Tales of the World: Tactics Union (テイルズ オブ ザ ワールド タクティクス ユニオン, Teiruzu Obu Za Warudo: Takutikusu Yunion) is a tactical role-playing game released for Android mobile devices by Bandai Namco Games. It is a spinoff of the Tales series of video games. It was released on July 2, 2012 in Japan, with no announcement towards release in English speaking regions. In January 2013, the game was ported to the iOS platform, and in October 2014, a 3DS version entitled Tales of the World: Reve Unitia was released as well.

==Gameplay==
The game plays in the same vein as most tactical role-playing games, such as Final Fantasy Tactics, where the player moves a party of characters across a grid to fight an opposing party.

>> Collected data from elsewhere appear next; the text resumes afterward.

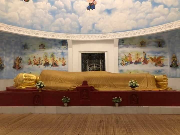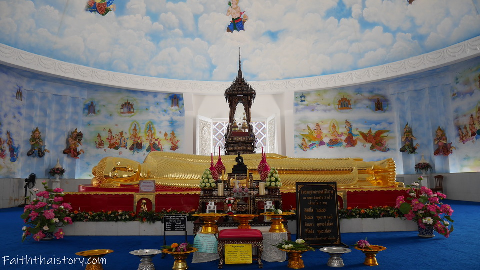พระพุทธรูปปางปรินิพพาน วัดพระปฐมเจดีย์ ราชวรมหาวิหาร จังหวัดนครปฐม พระพุทธรูปอยู่ในพระอิริยาบถบรรทมตะแคงขวา หลับพระเนตร พระเศียรหนุนพระเขนย(หมอน) พระหัตถ์ซ้ายทอดทาบไปตามพระวรกาย พระหัตถ์ขวาวางหงายอยู่ข้างพระเขนย พระบาทซ้ายทับซ้อนพระบาทขวา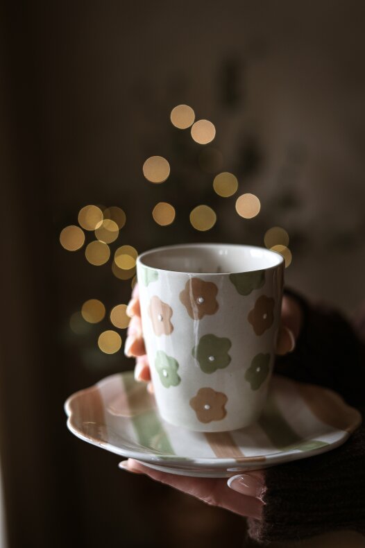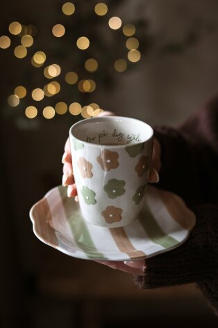 Ljuvlig mugg med handmålat mönster i glada härliga färger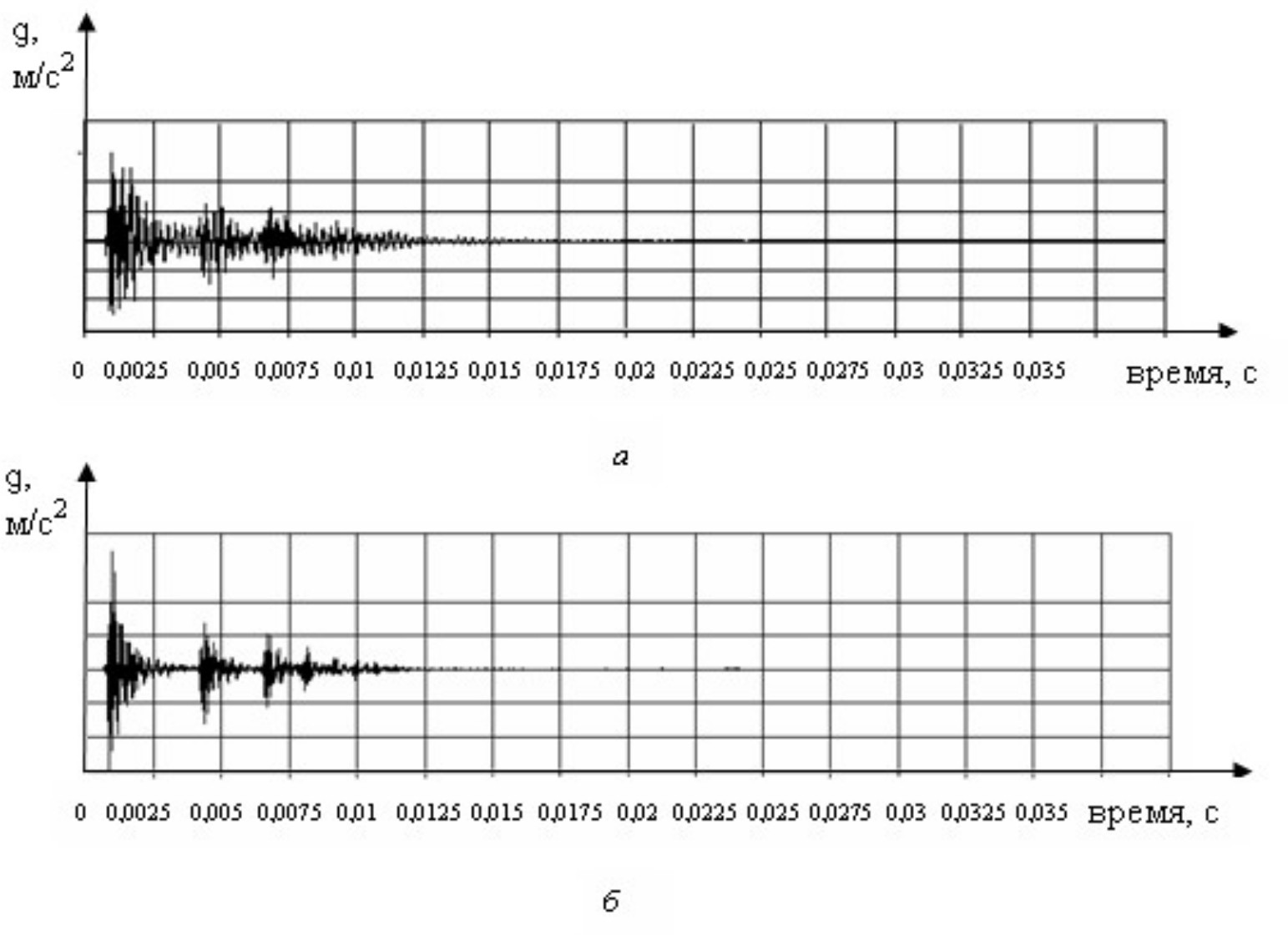 Рис. 5. Отклики виброускорения канала 0 и канала 1 при 150 Н: а – направления оси удара и оси акселерометра перпендикулярны; б – направления оси удара и оси акселерометра соосны

The game is controlled entirely through touch screen input. Prior to starting a battle, characters are customized with different equipment and skills, the latter of which consume "mystic point" when used in battle, but replenish over time.

As battles progress, different characters develop "favorability ratings" for other characters, which can either lead to status bonuses, characters attacking together when near one another, or revealing special conversations.

==Story==
Like all of the games in the Tales of the World sub-series, the game features crossover appearances of characters from other games in the main series of Tales games. However, the game features an original story, featured in a new land named "Revaila", and two new characters, named "Terun" and "Nahato".

==Development==
The game was formally announced by Bandai Namco Games in May 2012, for release on July 2, 2012 release. While being announced as a free-to-play game, it supports in-game purchases for things such as equipment or moves, and requires a paid monthly subscription to the KDDI’s Smartpass program. Downloadable content was made available in the weeks after the game's initial release, including an extra level, "Trembling Grove", and additional characters from Tales of Innocence and Tales of Vesperia.

The game was developed to be simple, for casual players not familiar with games of the genre.